To do >> Could you give the data below again exactly, apart from the pictures?

Data section >>
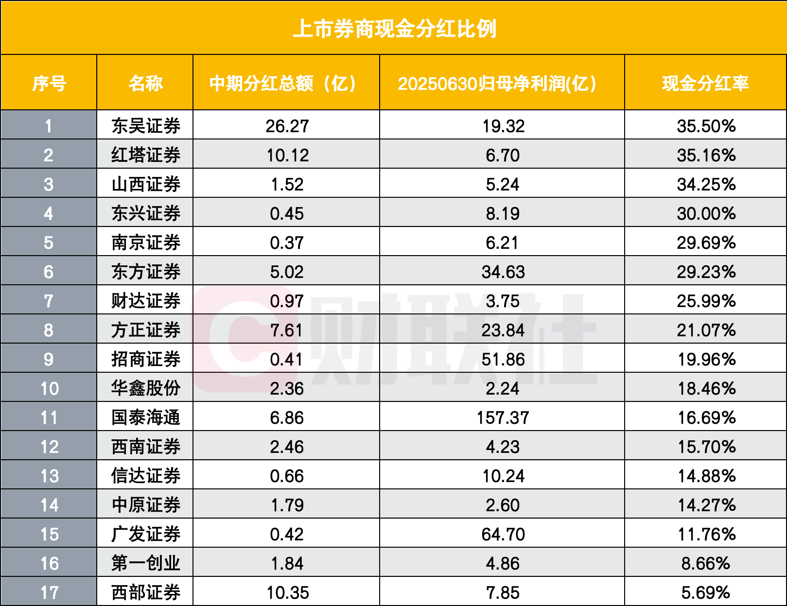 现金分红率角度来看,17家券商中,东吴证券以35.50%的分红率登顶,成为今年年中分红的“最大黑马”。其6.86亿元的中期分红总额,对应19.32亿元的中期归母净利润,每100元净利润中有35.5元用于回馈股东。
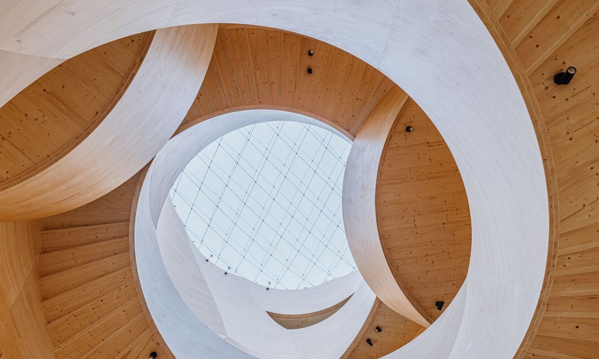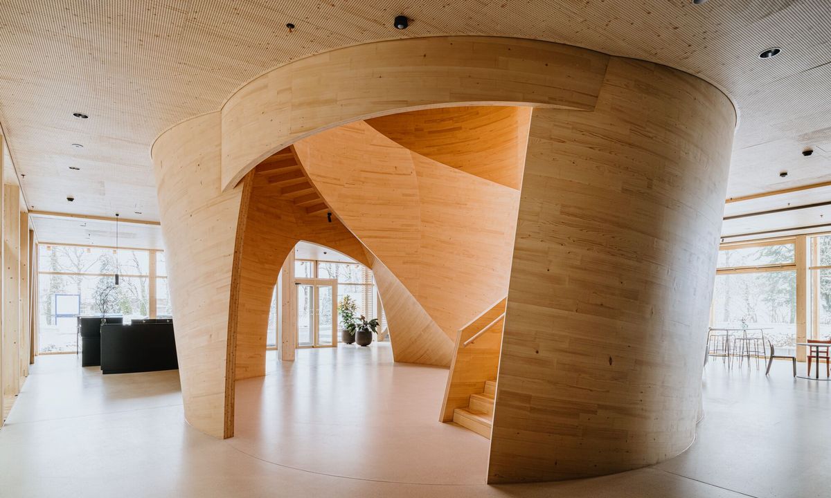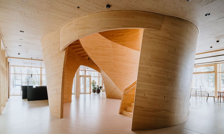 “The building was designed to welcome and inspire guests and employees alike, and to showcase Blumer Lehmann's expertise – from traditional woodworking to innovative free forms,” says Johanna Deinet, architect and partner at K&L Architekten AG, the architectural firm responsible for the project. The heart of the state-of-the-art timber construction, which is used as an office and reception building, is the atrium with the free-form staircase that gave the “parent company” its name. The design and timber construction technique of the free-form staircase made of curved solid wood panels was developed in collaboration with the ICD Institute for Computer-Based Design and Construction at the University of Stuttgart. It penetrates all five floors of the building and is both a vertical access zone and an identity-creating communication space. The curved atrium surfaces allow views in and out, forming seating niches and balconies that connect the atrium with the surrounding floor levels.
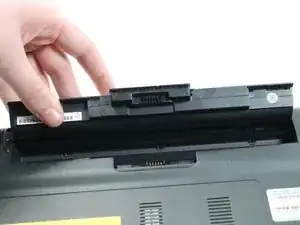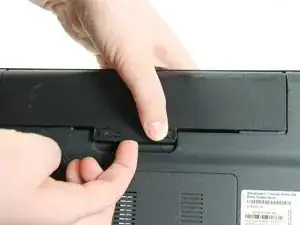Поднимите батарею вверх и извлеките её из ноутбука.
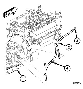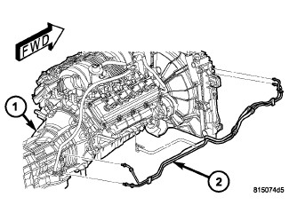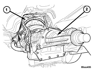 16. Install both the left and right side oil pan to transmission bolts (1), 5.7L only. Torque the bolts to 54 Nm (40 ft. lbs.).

Final answer >>
 现金分红率角度来看,17家券商中,东吴证券以35.50%的分红率登顶,成为今年年中分红的“最大黑马”。其6.86亿元的中期分红总额,对应19.32亿元的中期归母净利润,每100元净利润中有35.5元用于回馈股东。
 “The building was designed to welcome and inspire guests and employees alike, and to showcase Blumer Lehmann's expertise – from traditional woodworking to innovative free forms,” says Johanna Deinet, architect and partner at K&L Architekten AG, the architectural firm responsible for the project. The heart of the state-of-the-art timber construction, which is used as an office and reception building, is the atrium with the free-form staircase that gave the “parent company” its name. The design and timber construction technique of the free-form staircase made of curved solid wood panels was developed in collaboration with the ICD Institute for Computer-Based Design and Construction at the University of Stuttgart. It penetrates all five floors of the building and is both a vertical access zone and an identity-creating communication space. The curved atrium surfaces allow views in and out, forming seating niches and balconies that connect the atrium with the surrounding floor levels.
Поднимите батарею вверх и извлеките её из ноутбука.
 16. Install both the left and right side oil pan to transmission bolts (1), 5.7L only. Torque the bolts to 54 Nm (40 ft. lbs.).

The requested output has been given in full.